The draft guidance is available for public consultation on the NICE website until 10 October 2007. Comments received during this consultation will be reviewed at the next independent advisory committee meeting. NICE expects to issue final guidance to the NHS in December 2007.

About NICE
1. The National Institute for Health and Clinical Excellence (NICE) is the independent organisation responsible for providing national guidance on the promotion of good health and the prevention and treatment of ill health.

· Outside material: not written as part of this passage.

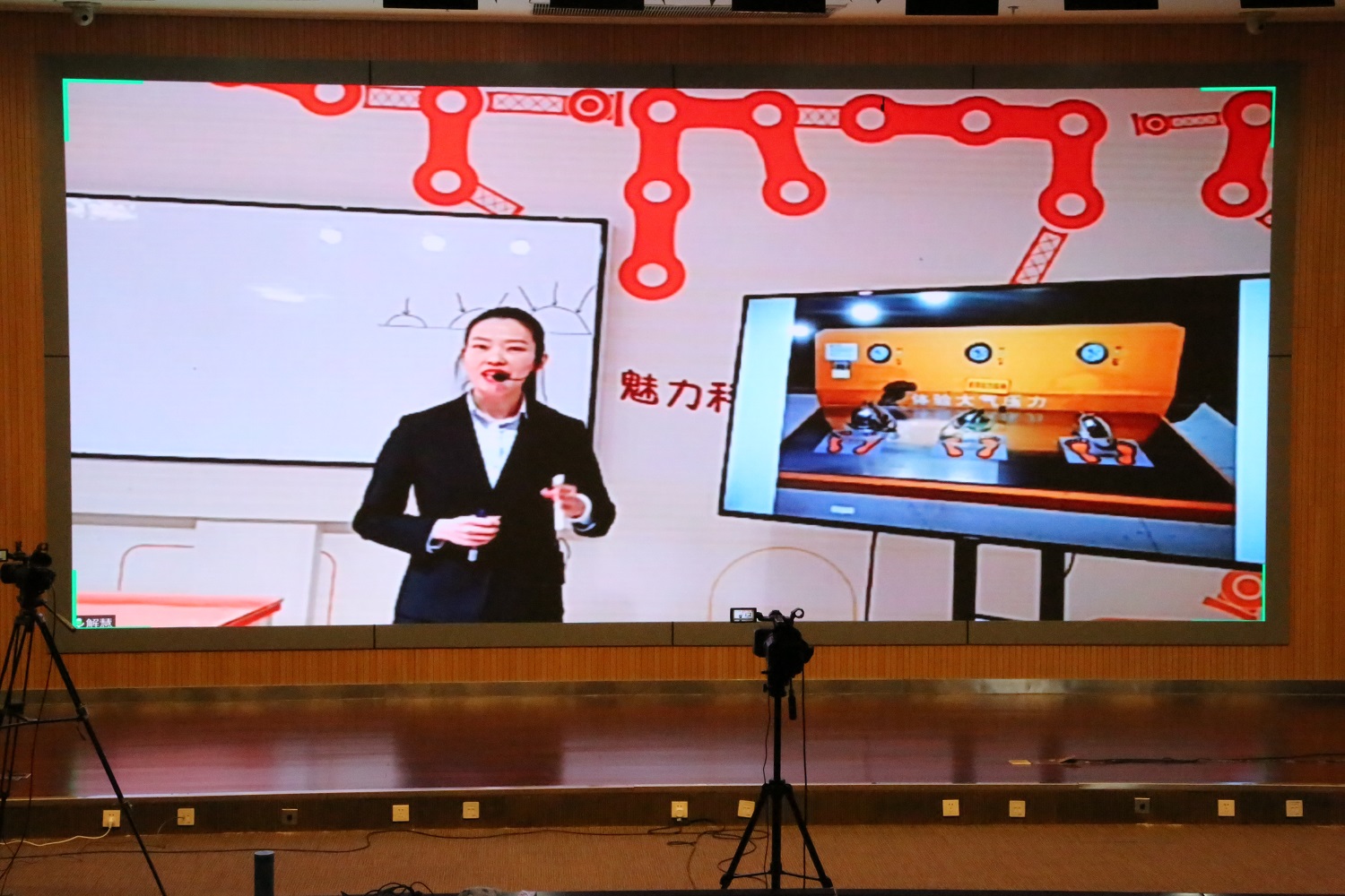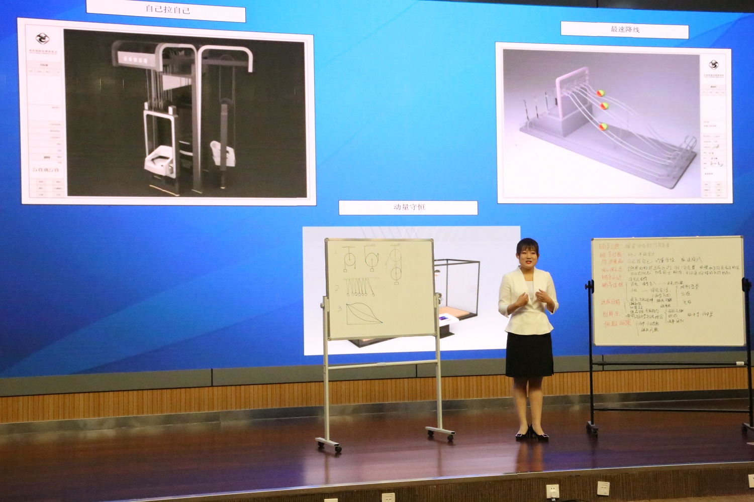 本届大赛展品辅导赛分为单件展品辅导和主题串联辅导两个环节。“初一1班的同学们大家好,欢迎来到科技馆,我们今天一起来进行一场‘速度的比赛’……”在单件展品辅导环节,各选手在4分钟内拿出看家本领,结合各自最“亲密”的展项,借助多媒体、白板、A4纸、笔等辅助工具,或声情并茂、形神兼备,或引经据典、结合时事,将“滑坡竞赛”“最速降线”“越转越快”等展品的科学现象、科学原理、科技史、科技应用全面而清晰地呈现给评委和观众,既激发兴趣,又启迪思维。27名选手在作单件展品辅导后,还进行了科技知识问答,并从中选拔出15名选手晋级到主题串联辅导环节。

2. NICE produces guidance in three areas of health:

public health – guidance on the promotion of good health and the prevention of ill health for those working in the NHS, local authorities and the wider public and voluntary sector

 • health technologies – guidance on the use of new and existing medicines, treatments and procedures within the NHS

clinical practice – guidance on the appropriate treatment and care of people with specific diseases and conditions within the NHS.

About the NPSA
The National Patient Safety Agency (NPSA) helps the NHS in England and Wales learn from its mistakes so that it can improve patient safety. The NPSA does this by collecting reports on errors and other things that go wrong in healthcare so that it can recognise national trends and introduce practical ways of preventing problems. The NPSA doesn’t investigate individual cases or complaints, but it does listen to public concerns and use what the public says to improve safety.

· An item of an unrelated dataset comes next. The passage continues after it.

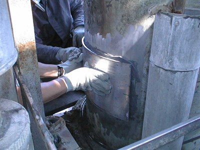 Application was carried out in accordance with Belzona Know-How System leaflet TCC-1. A formed section was made up. Belzona® 1111 was then applied to both surfaces and then assembled, using metal strapping to hold in place whilst the Belzona cured. Excess material was used as a fillet around the plate. After completion of cure the straps were removed.

About the patient safety pilot
3. As a result of the review of patient safety commissioned by the Chief Medical Officer1, the National Institute for Health and Clinical Excellence (NICE) and the National Patient Safety Agency (NPSA) were asked to develop and evaluate a pilot project for the production of a technical solution to address patient safety problems, which will form guidance for the NHS. NICE’s core principles of guidance development will be applied to the project. These principles include:

• A comprehensive evidence base
• Independent advisory committees
• Clinical and patient expert input
• Transparent process and decision making
• Genuine consultation
• Effective dissemination and implementation
• Regular review.

4. Medicines reconciliation is a long standing problem causing medication errors and potential harms to patients. It has been defined by Institute of Healthcare Improvement (IHI) as “being the process of identifying the most accurate list of a patient’s current medicines – including the name, dosage, frequency and route – and comparing them to the current list in use, recognising any discrepancies, and documenting any changes, thus resulting in a complete list of medications, accurately communicated.” (2005)

5. Ventilator-associated pneumonia is a primary problem in intensive care units, and causes complications in patients receiving mechanical ventilation. It is a medical condition that results from infection which floods the small, air-filled sacs (alveoli) in the lung responsible for absorbing oxygen from the atmosphere.